- [Task] Every line below from the one with "在美国科技圈,Reflection AI 的新使命受到了普遍欢迎。" through the one with "ARLINGTON, TX - JUNE" should be retyped exactly, both ends included; no other lines and no pictures.

- [Data to examine]
*****

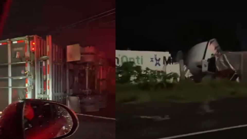 A un costado de la carretera el remolque volcó sobre su costado izquierdo, mientras que la cabina terminó por chocar contra una barda perimetral.
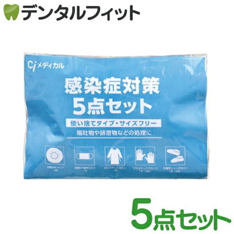 感染症対策5点セット 1個【Ciメディカル 不織布キャップ 3層式不織布マスク ポリエチレンガウン プラスチックグローブ 不織布シューズカバー 使い捨て 防護服 】
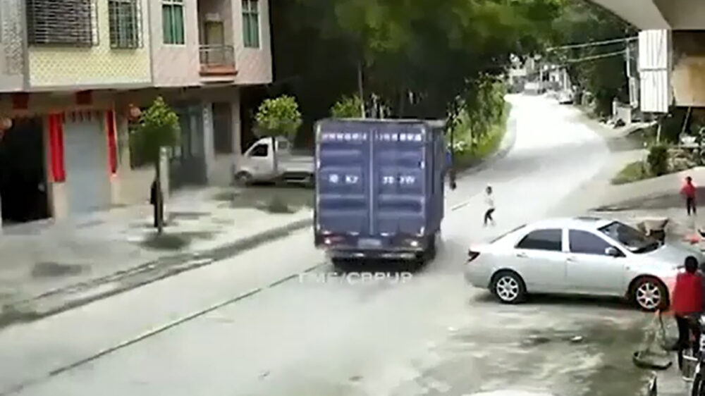 Een vrachtwagenmalloot rijdt veel te hard in de stad Maoming in de provincie Guangdong en weet nog nét een meisje te ontwijken dat plotseling een weg oversteekt. Gevalletje close call Ho Lee Fook!
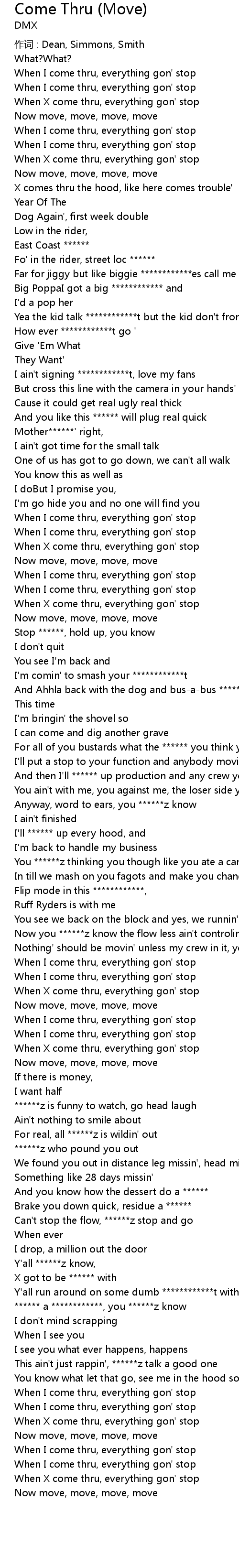 | When X come thru, everything gon' stop | |
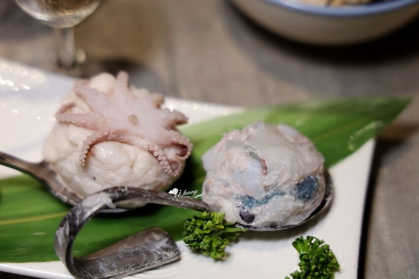 這個大師手工滑未免也太真材實料了吧!直接一整隻小章魚,還有滿滿的蝦仁。
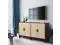 MULTIFUNCTIONAL CABINET - All-purpose storage cabinet can meet your various storage needs as a sideboard or buffet server cupboard in dining room or kitchen. 62.3 inches length is big enough for using it as a entryway console table or TV stand in living room. The balck color cabinet and natural color rattan doors combined retro and modern, it can be suitable for various styles of home decoration, adding a touch of unadorned elegance to your space.
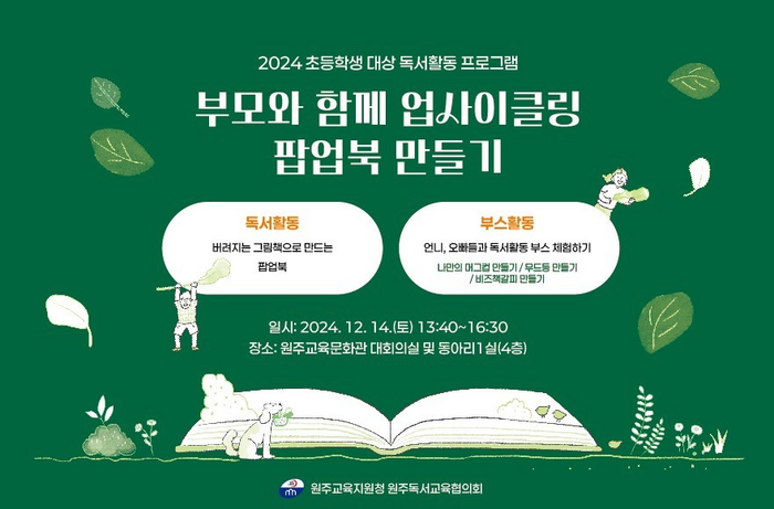 이번 행사는 독서·인문교육 활성화를 위해 원주독서교육협의회 주관으로 운영되며, ‘버려지는 그림책으로 만드는 팝업북’을 주제로 초등학생들이 부모님과 함께 참여하여 독서에 대한 긍정적 인식을 함양할 것으로 기대된다.
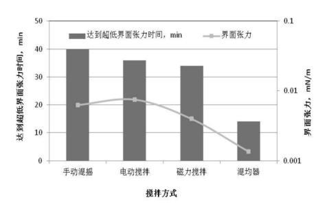 mN/m;手動(dòng)混搖的方式達(dá)到超低界面張力的時(shí)間最長(zhǎng),為40分鐘,電動(dòng)攪拌和磁力攪拌差別不大。混勻器攪拌方式使溶液能在短時(shí)間內(nèi)達(dá)到均相且均相程度高,均相程度越高,達(dá)到超低界面張力的時(shí)間越短。
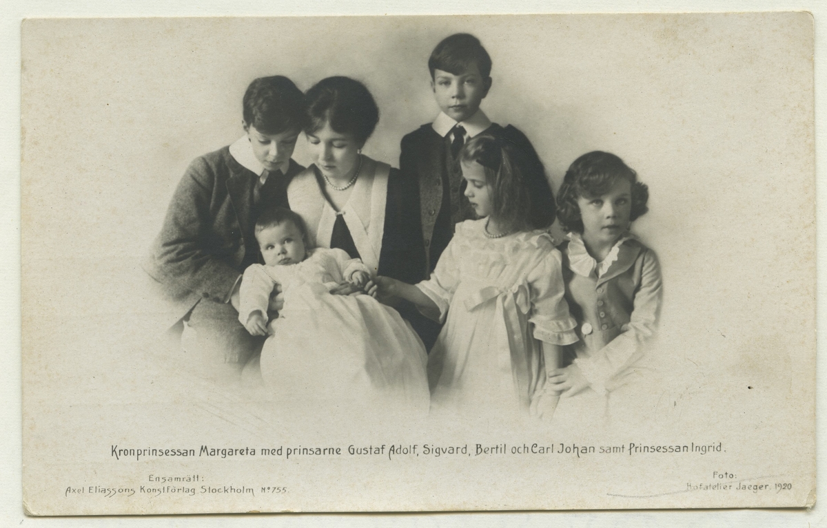 Kronprinsessan Margareta med prinsarna Gustaf Adolf, Sigvard, Bertil och Carl Johan samt prinsessan Ingrid.
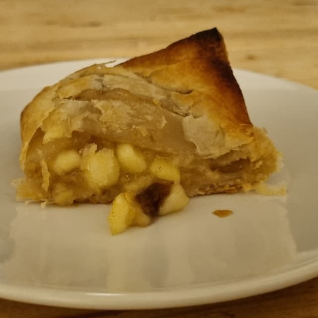 I found this at Lidl a while back and I thought it was good. The inside taste more or less like Mcdonald's apple pie. The outside reminded me of a Danish, with the puff pastry.
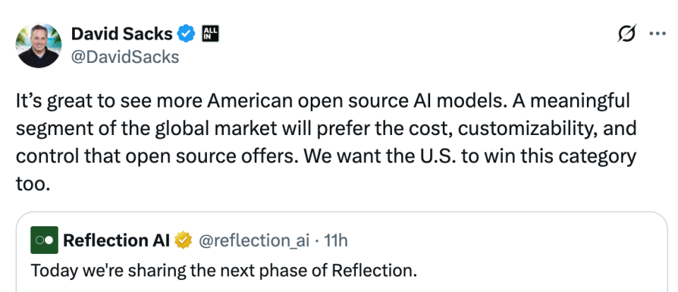 在美国科技圈,Reflection AI 的新使命受到了普遍欢迎。
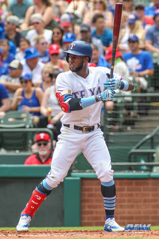 ARLINGTON, TX - JUNE 17: Texas Rangers Infielder Jurickson Profar (19) stands at the plate during the game between the Colorado Rockies and the Texas Rangers on June 17, 2018 at Globe Life Park in Arlington, TX. (Photo by George Walker/Icon Sportswire)
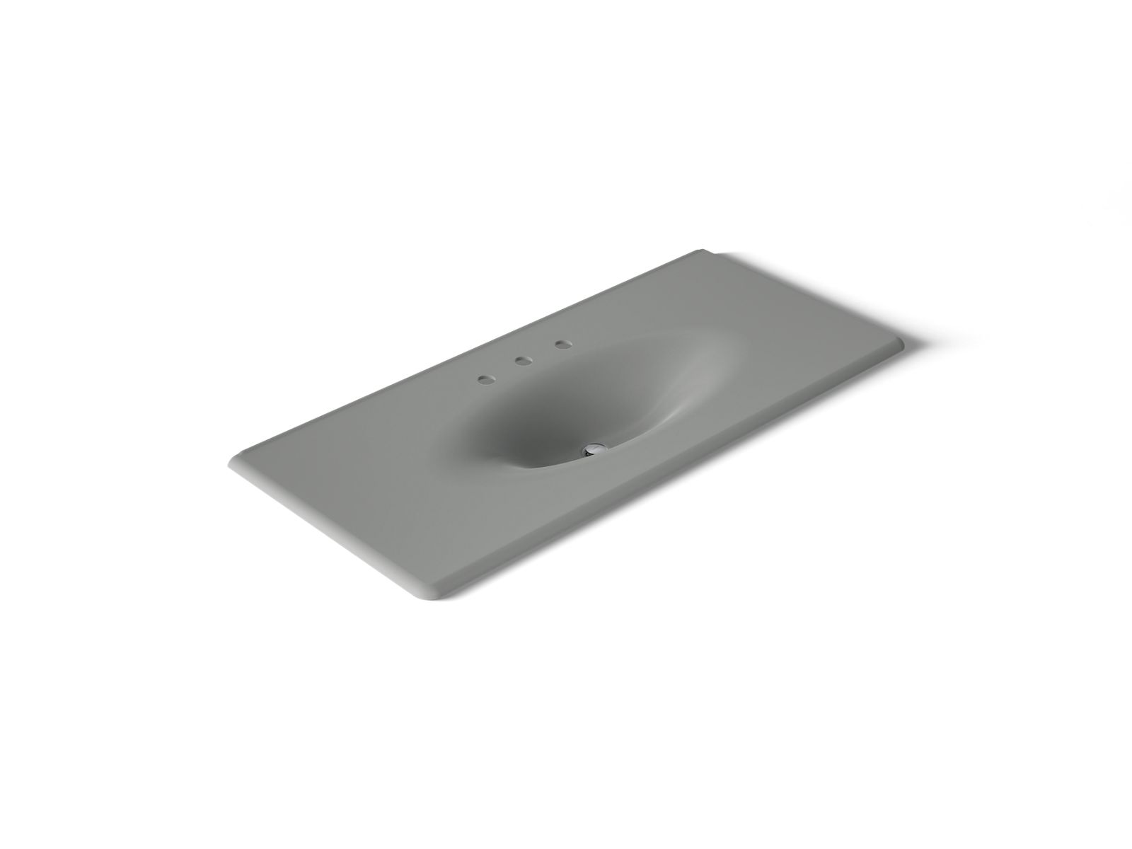 With its graceful curves, the KOHLER® Iron/Impressions sink adds elegance to the bathroom. The spacious rectangular vanity top countertop flows seamlessly into an elongated oval basin, creating a sophisticated design element that coordinates with 48" vanities. Enameled cast iron construction makes it durable and easy to clean.
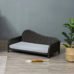 PawHut Canapé/lit Pour Chien/chat Canapé Animaux Avec Accoudoir Et Dossier 69x49x38cm – Gris
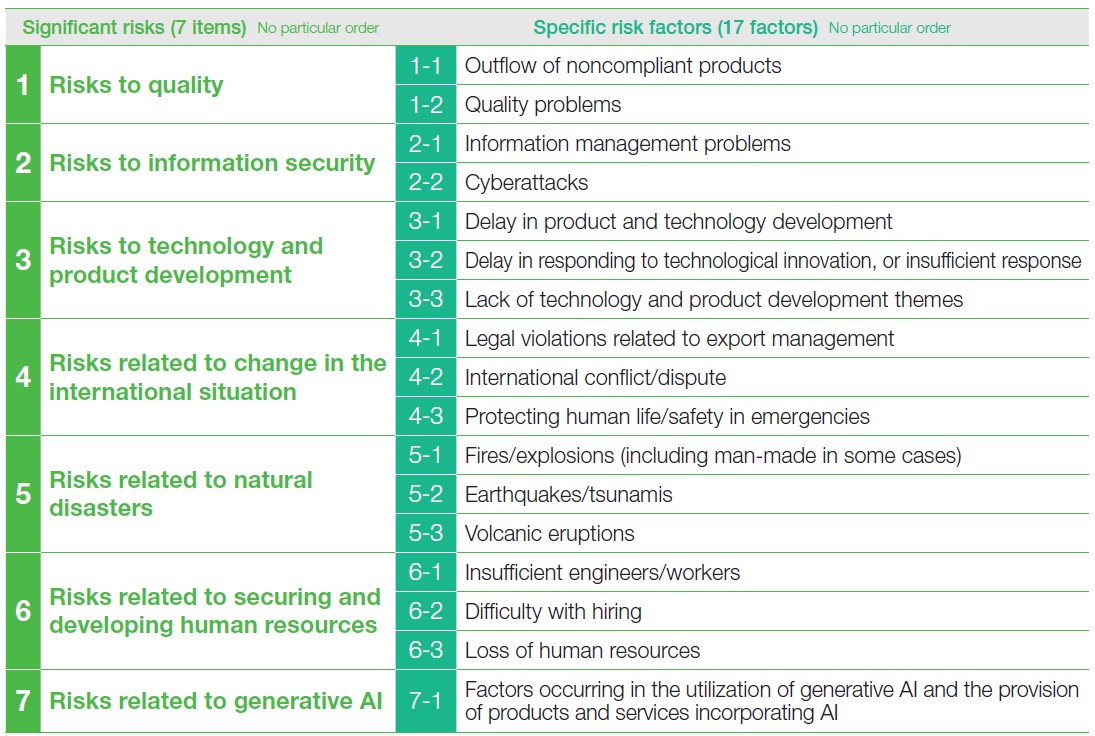 Significant risks that could severely affect the business results and financial position of the azbil Group are summarized below. Of the 121 risks comprehensively identified, we selected 17 as significant risks, and summarized these into seven items. The significant risks indicated below and the specific risk factors are judged by Azbil to be valid as of the end of FY2024. Details on risk awareness and concrete risk countermeasures for significant risks are found in the 103rd Securities Report.
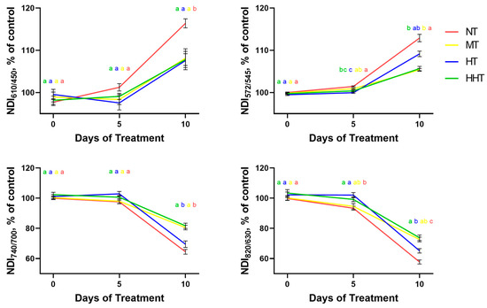 At the next step, we analyzed the dynamics of NDI values of DS plants normalized to control values within the groups assigned according to the patterns of changes in photosynthetic activity (Figure 9). Analysis of the dynamics of changes in these NDIs showed that the greatest correspondence with the changes in current photosynthetic activity, estimated by the dynamics of the residual ΦPSII level, was revealed for NDI572/545; there was a clear separation between groups, similar to that for residual ΦPSII. For the majority of indices, multiple comparisons of quantitative characteristics of different groups showed less clear separation than for ΦPSII. NDI610/450 performed worse than other analyzed indices: the MT, HT, and HHT groups did not differ significantly from each other either at the fifth or at the 10th day of DS. At the same time, the patterns of changes of the other NDIs (NDI572/545, NDI740/700, and NDI820/630) during drought development correspond well to those for ΦPSII.
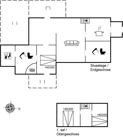 Er is 2 badkamers met douchehok en 2 toiletten. Er is vloerverwarming in 2 van de badkamers. De sauna biedt de gelegenheid tot ontspanning.
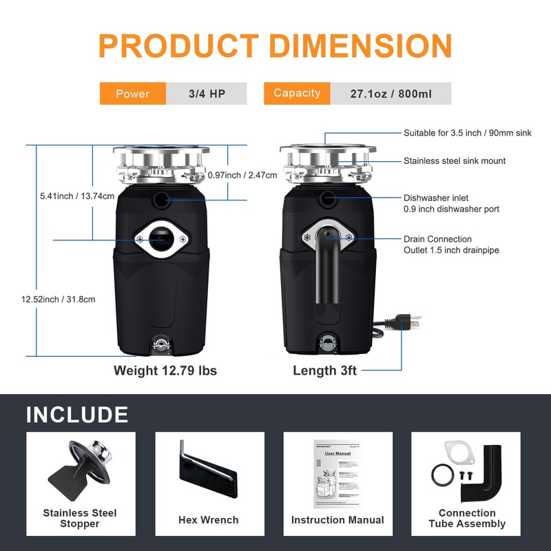 - Compact Design but Powerful: 1/2 Horsepower disposal is suitable for families with 2-4 people, 6.01*6.01*12.52 inch size can save more sink space, comes with a 3ft power cord, standard 0.9 inch dishwasher port.
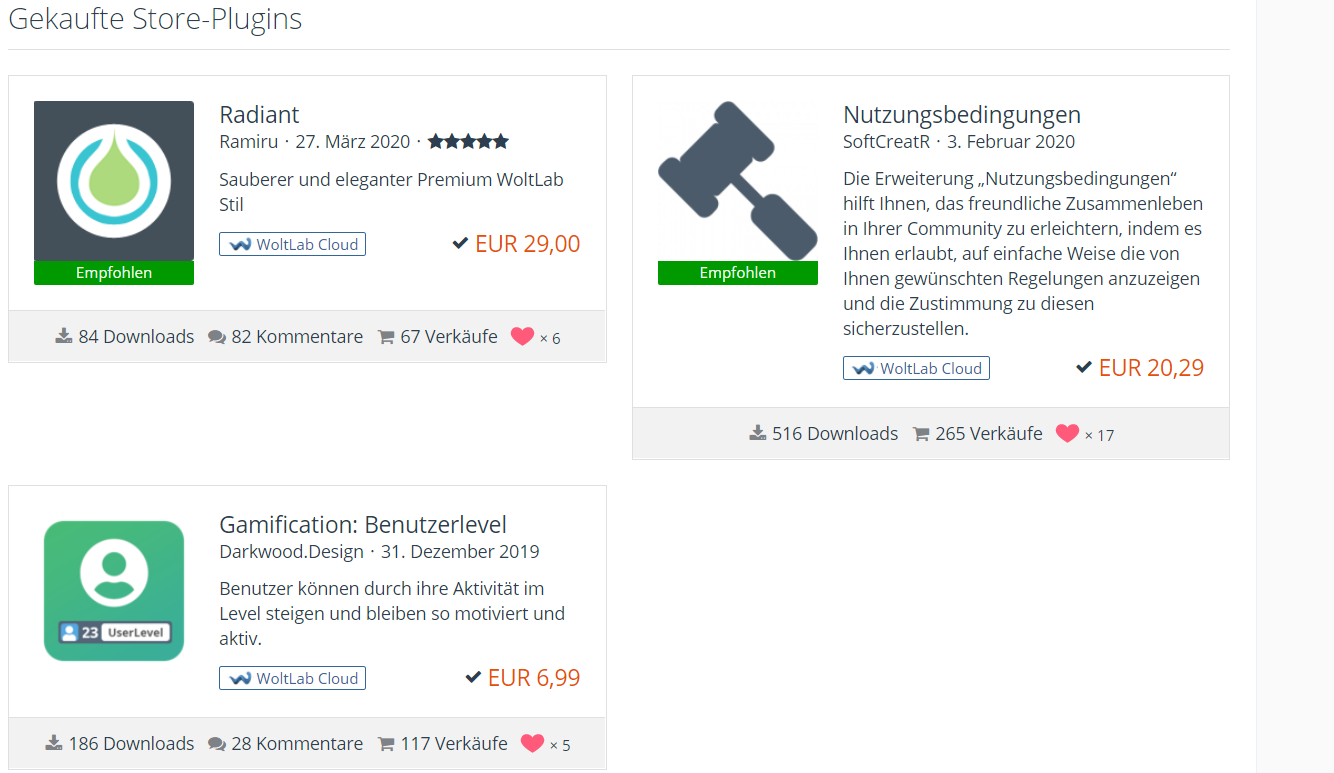 Moin, ich biete meinen Account mit folgenden Sachen an: Woltlab WoltLab Suite Forum 5.2.7 und folgende Plugins: Radiant (Style) Nutzungsbedingungen Gamification: Benutzerlevel Bevorzugt PP oder alternativ auch per Bunq 100€

*****

- [Output for this exercise]
 在美国科技圈,Reflection AI 的新使命受到了普遍欢迎。
 ARLINGTON, TX - JUNE 17: Texas Rangers Infielder Jurickson Profar (19) stands at the plate during the game between the Colorado Rockies and the Texas Rangers on June 17, 2018 at Globe Life Park in Arlington, TX. (Photo by George Walker/Icon Sportswire)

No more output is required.